JIT-compiling the extension results in non-functional Python module.
mrTsjolder opened this issue · 0 comments
When submitting a bug report, please include the following information (where relevant):
- OS: Arch Linux
- PyTorch version: 2.3.0
- How you installed PyTorch (conda, pip, source): conda
- Python version: 3.12
- CUDA/cuDNN version: 12.1 (runtime) / 8.9.2
- GPU models and configuration: 1070 Ti
- GCC version (if compiling from source): /
When using torch.utils.cpp_extension.load
to JIT compile the extension, the returned module does not provide access to the exported functions.

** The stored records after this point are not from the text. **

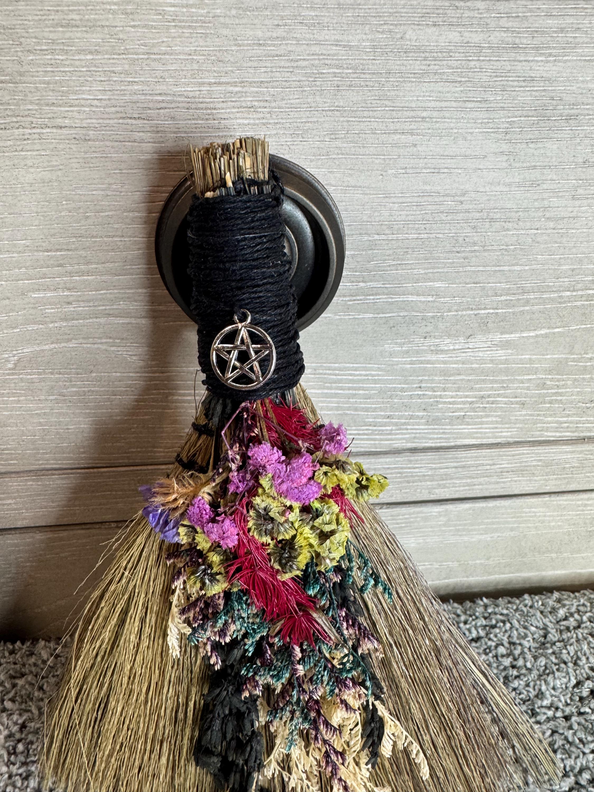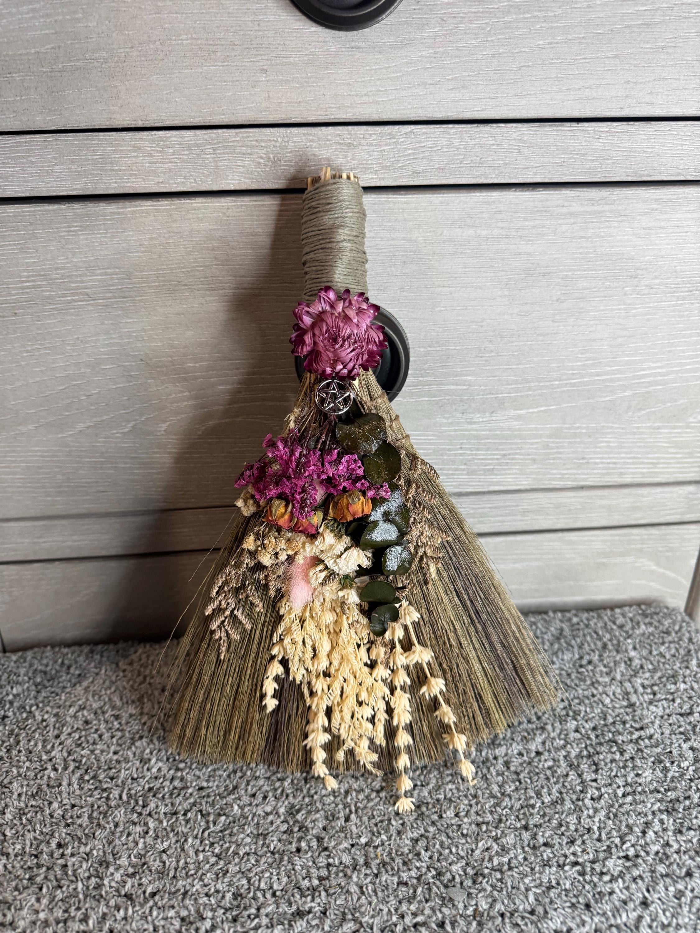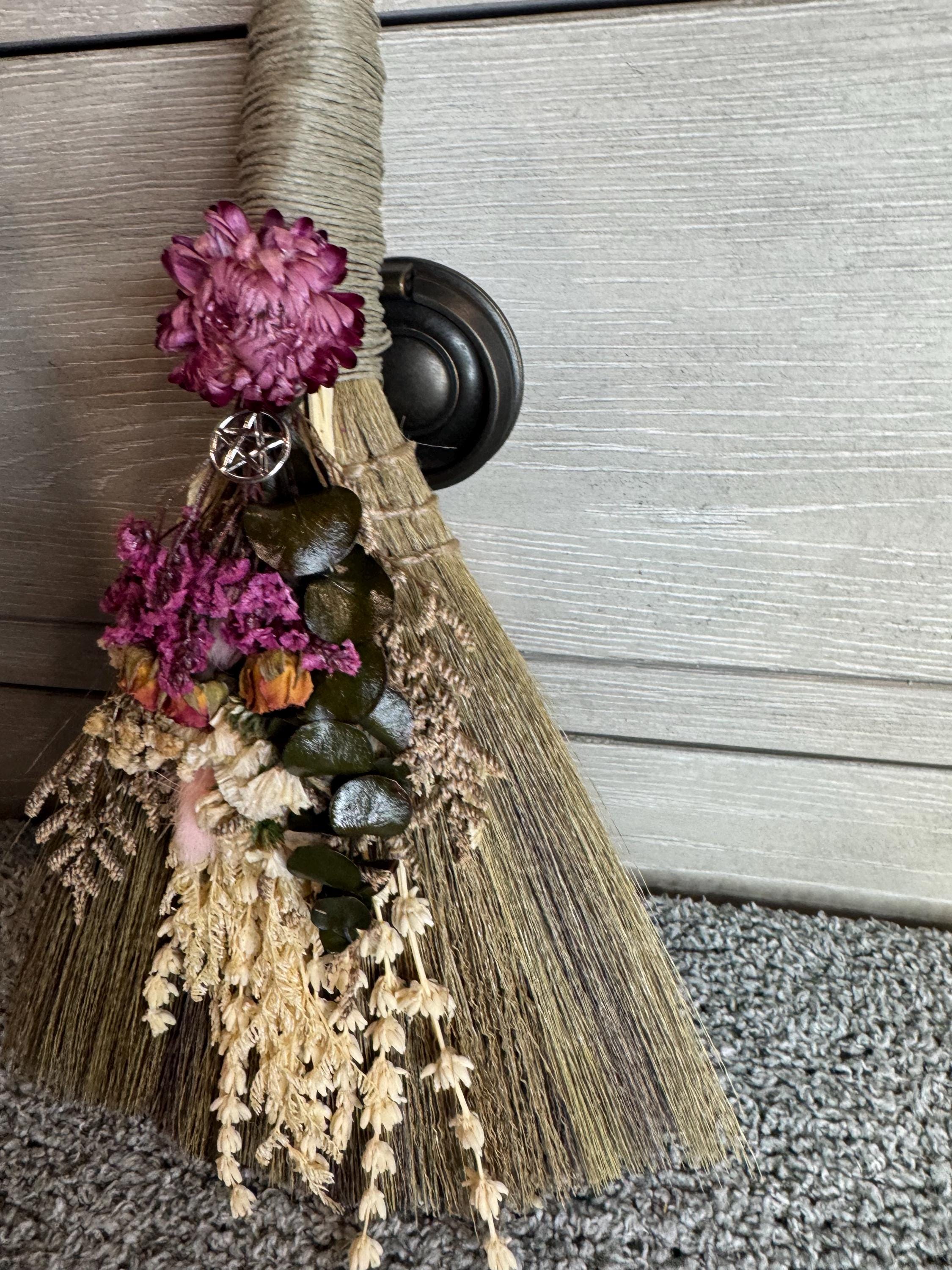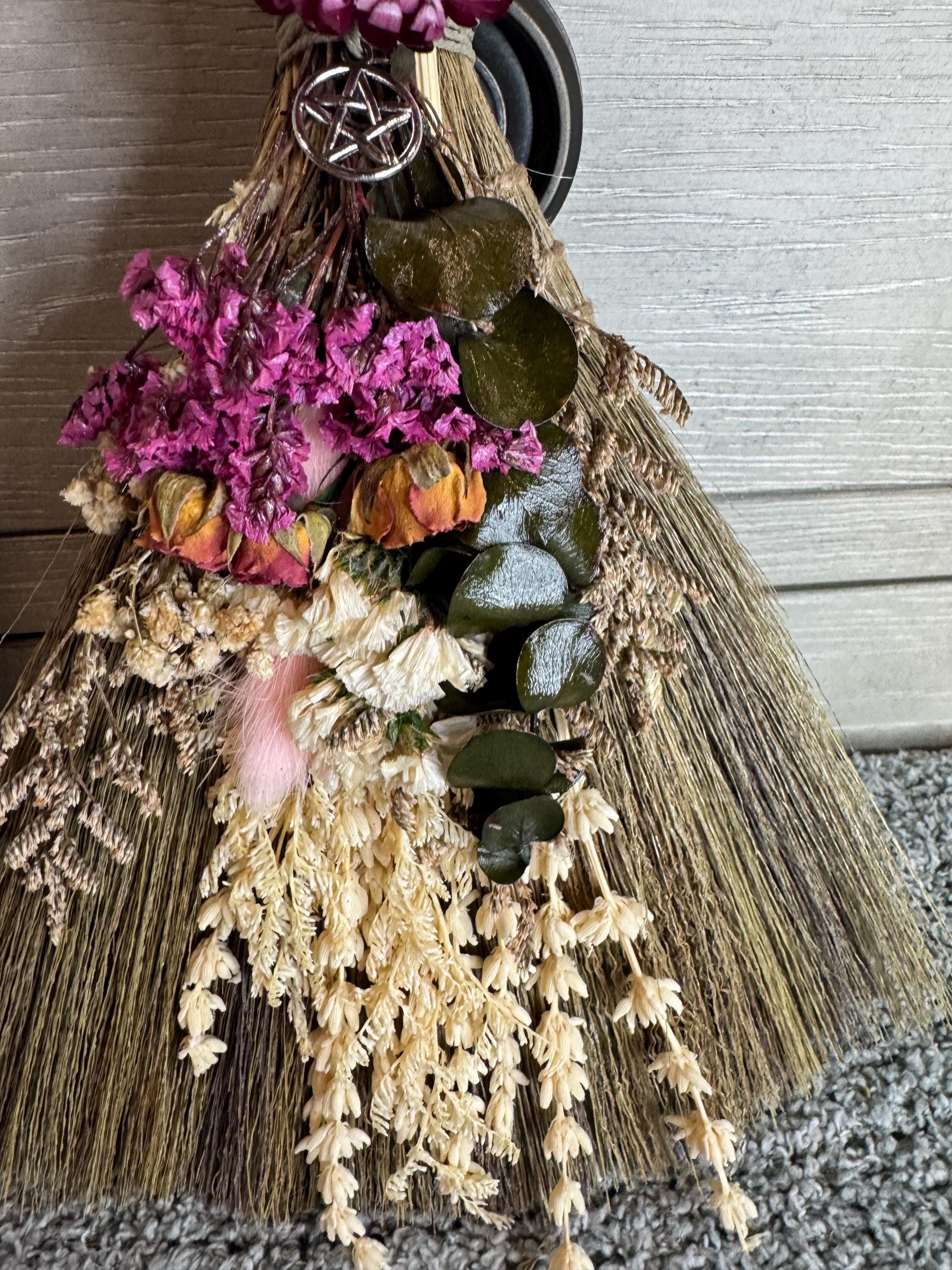 An Altar Besom is used in witchcraft for magical cleansing, purifying and altar space by sweeping away negative energy, and preparing the area for ritual. It is also used for other purposes like protection, marking sacred boundaries, and as a symbolic element in handfasting ceremonies, where couples might jump over the besom. Uses in Witchcraft: cleansing, protection, ceremonial, symbolism, and energy redirection. Made with real dried flowers and measures 11" long. Blessed Be!
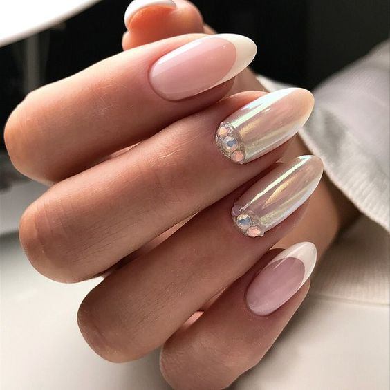Маникюр невесты с жемчужной втиркой
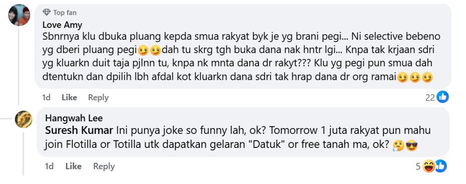 One commenter went on to urge the Madani government to declare a public holiday so that the entire nation can also “celebrate” the so-called achievement of the GSF volunteers.
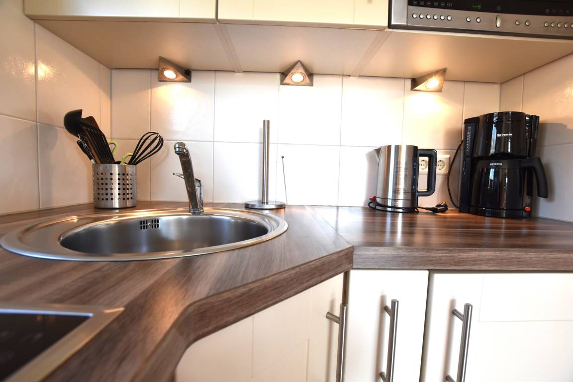 -Die Küche ist selbstverständlich voll ausgestattet, u.a. mit Mikrowelle mit Grillfunktion, einem Herd mit 4-Platten-Cerankochfeld, Kühlschrank mit Gefrierfach, Kaffeemaschine, Toaster, Mixer, Wasser- u. Eierkocher.
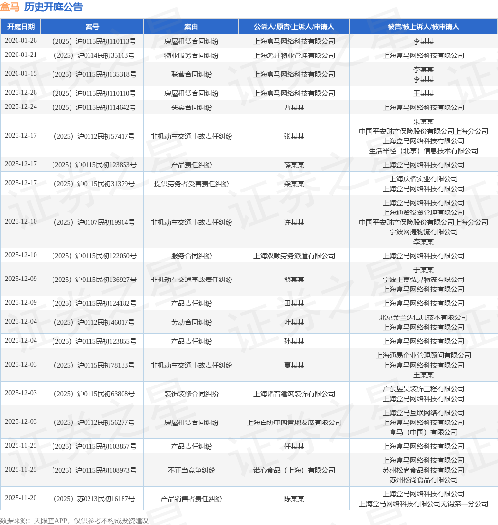 案号:(2025)沪0107民初19964号根据统计,近一年内以上海盒马网络科技有限公司为当事人的历史开庭公告有163则,其中案由为“买卖合同纠纷”的公告以29则居首,其次为“非机动车交通事故责任纠纷”有28则,“房屋租赁合同纠纷”有25则。历史开庭公告(前20条)如下:
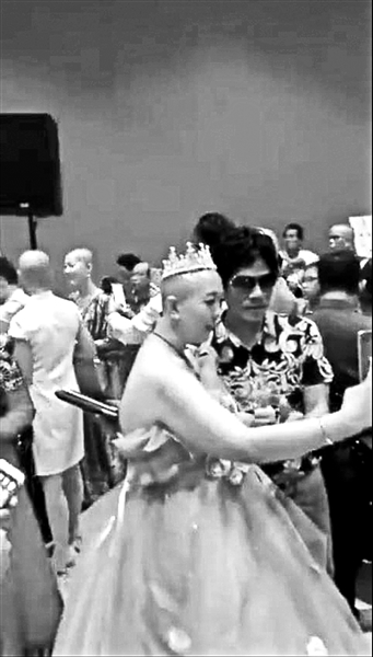 北青報記者找到了這個視頻,視頻長度45秒,場合是在一個酒店內,視頻中的男女大都剃著光頭,身著各種顏色的禮服,他們大都忙著自拍或者跟人拍照,仔細聽的話可以聽到視頻里有人在高聲呼喊著“一統天下”。在視頻的第12秒,有人舉著一塊紅色的牌子,上面寫著的是“五行幣”的字樣。
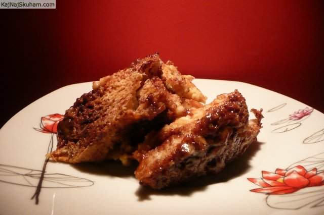 V pekač/posodo razporedimo rezine kruha, jih potresemo z naribano čokolado in prelijemo s tretjino preliva. Postopek ponavljamo do zadnje (tretje) plasti.
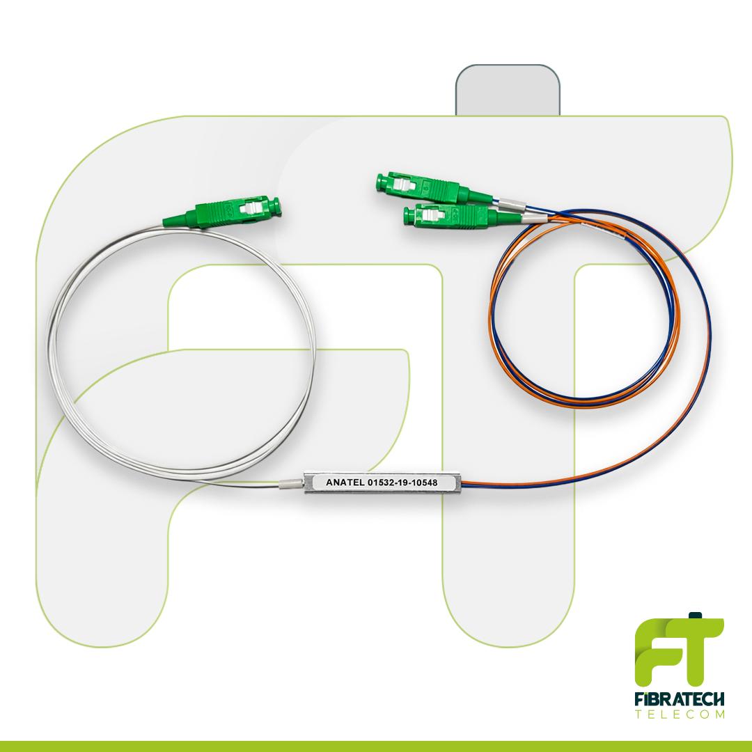 Divisor Optico PLC Splitter, FIBRATECH, 1x2 conector APC/Verde, embalado em Blister
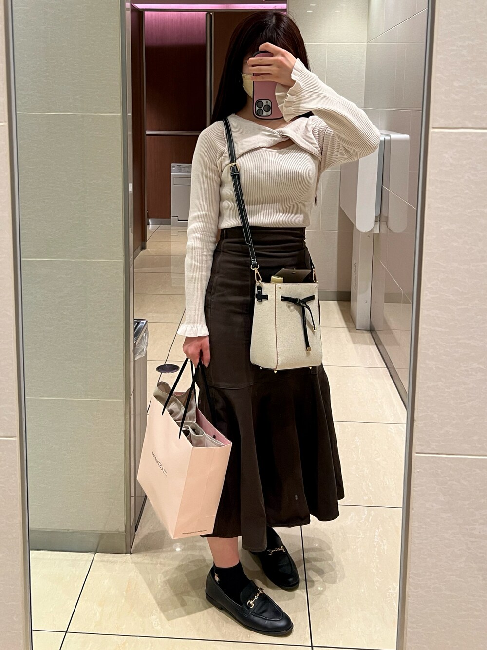 冬はニットばっかりだったから急に暖かくなると着る服がなくて困る( ˙-˙ ) chicoのトップスお気に入り!ちゃんとスカートにインすればよかった〜 スカートはシルエットが好みすぎて3色買ったけどブラウンが色も生地感もお気に入りです 紙袋になんでもぶち込みすぎている
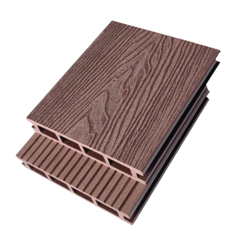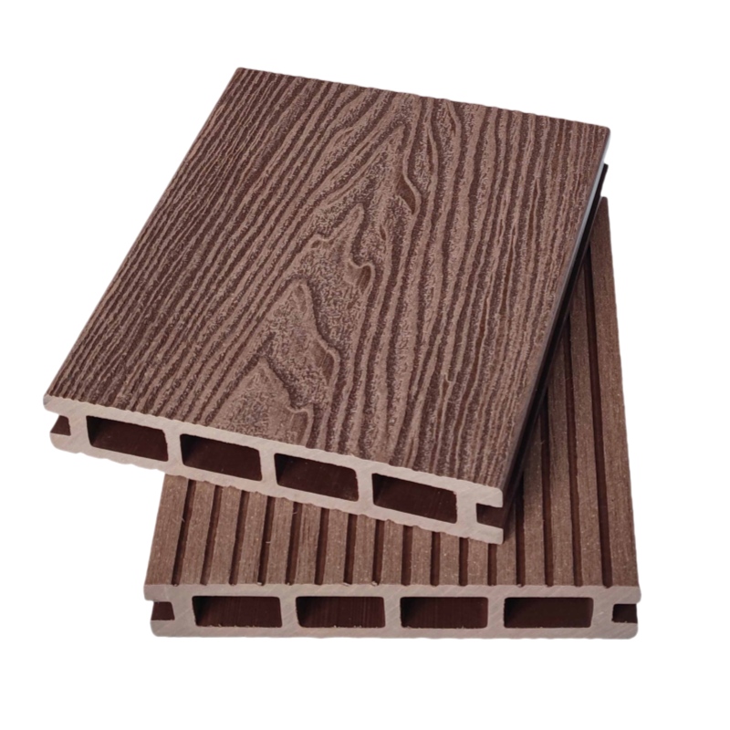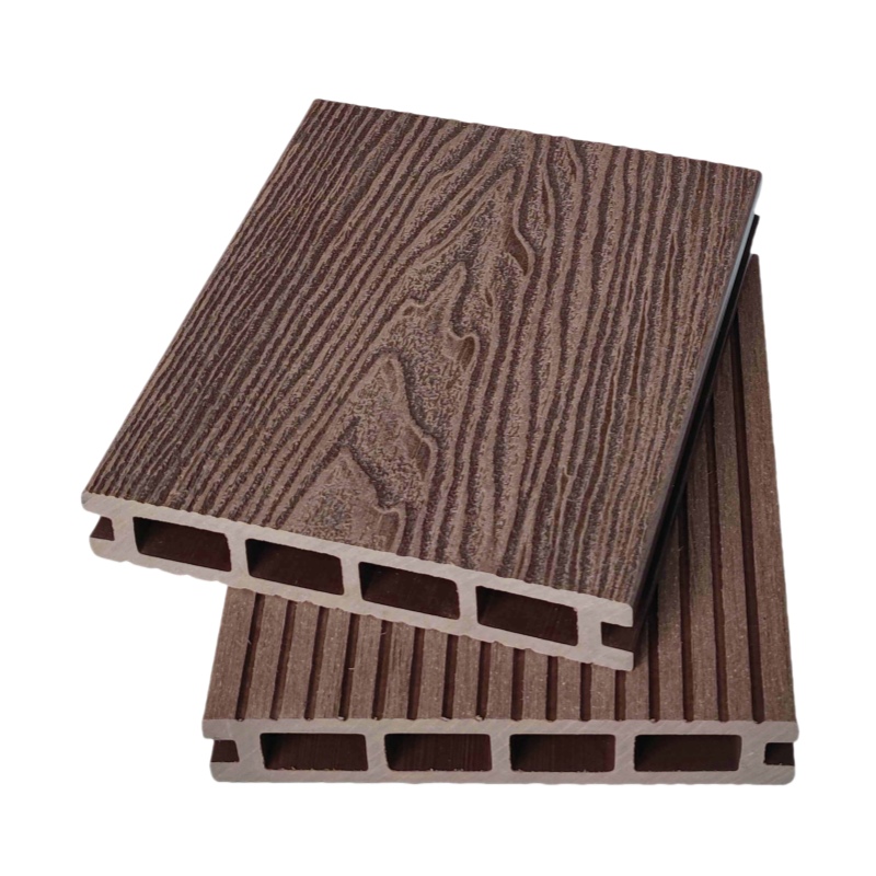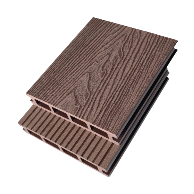 Напольное покрытие из древесно-полимерного композита для сада и патио, коричневого цвета с глубоким рельефом.
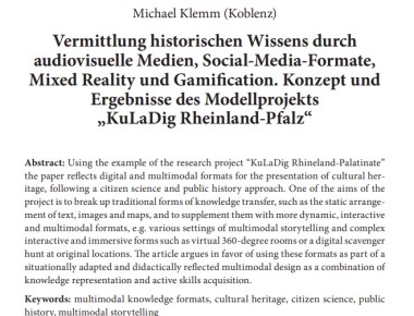Gerade erschienen ist ein Aufsatz von Projektleiter Michael Klemm, in dem er das Konzept und wesentliche Erkenntnisse der ersten fünf Jahre des Landesprojekts KuLaDig-RLP ausführlich vorstellt und an etlichen Beispielen diskutiert. Der Beitrag reflektiert den […]
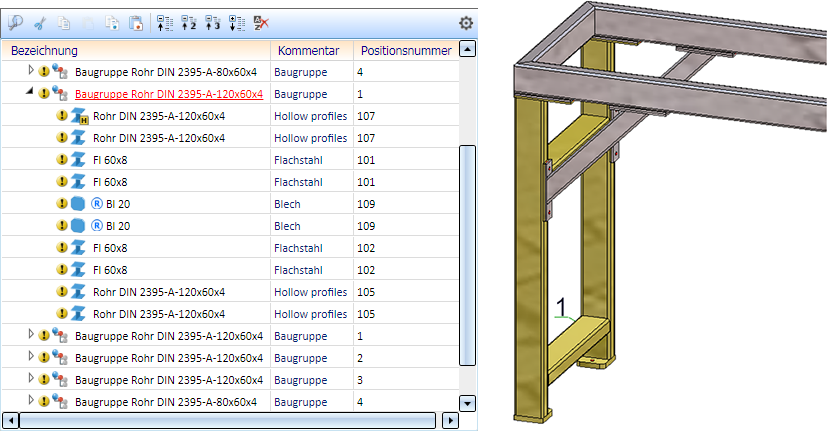 Die Abbildung zeigt den Ausschnitt eines Tragwerks. Wir betrachten die Baugruppe mit der Positionsnummer 1.
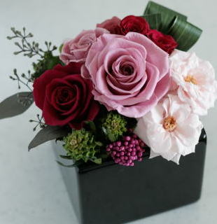 大人ピンクのローズの中に可愛いマリアンヌが入った、落ち着きのあるエレガントなアレンジ。 新築のお祝いなどにいかがですがか! *黒の花器入荷しました。

Code to reproduce (in interactive Python session with working directory extension-cpp
):
>>> import torch
>>> from torch.utils.cpp_extension import load
>>> extension_cpp = load(name="extension_cpp", sources=["extension_cpp/csrc/muladd.cpp"])
>>> extension_cpp.mymuladd
Traceback (most recent call last):
File "<stdin>", line 1, in <module>
AttributeError: module 'extension_cpp' has no attribute 'mymuladd'
Note that after the loading, the following does work:
>>> torch.ops.extension_cpp.mymuladd
<OpOverloadPacket(op='extension_cpp.mymuladd')>
I.e., load
does seem to have the side-effect of loading the PyTorch op (similar to setting is_python_module=False
), but does not provide the functions in the Python module.
I would expect to be able to use extension_cpp
in the same way as torch.ops.extension_cpp
.
I suspect that this issue is due to the empty PYBIND11_MODULE
block.
This seems to be confirmed by the fact that the following modification in muladd.cpp
makes extension_cpp.mymuladd
available:
PYBIND11_MODULE(TORCH_EXTENSION_NAME, m) {
m.def("mymuladd", &mymuladd_cpu, "custom pytorch operation 'muladd'");
m.def("mymul", &mymuladd_cpu, "custom pytorch operation 'mul'");
m.def("myadd_out", &mymuladd_cpu, "custom pytorch operation 'add_out'");
}
However, I am not sure if this is just a workaround or the actual bug-fix.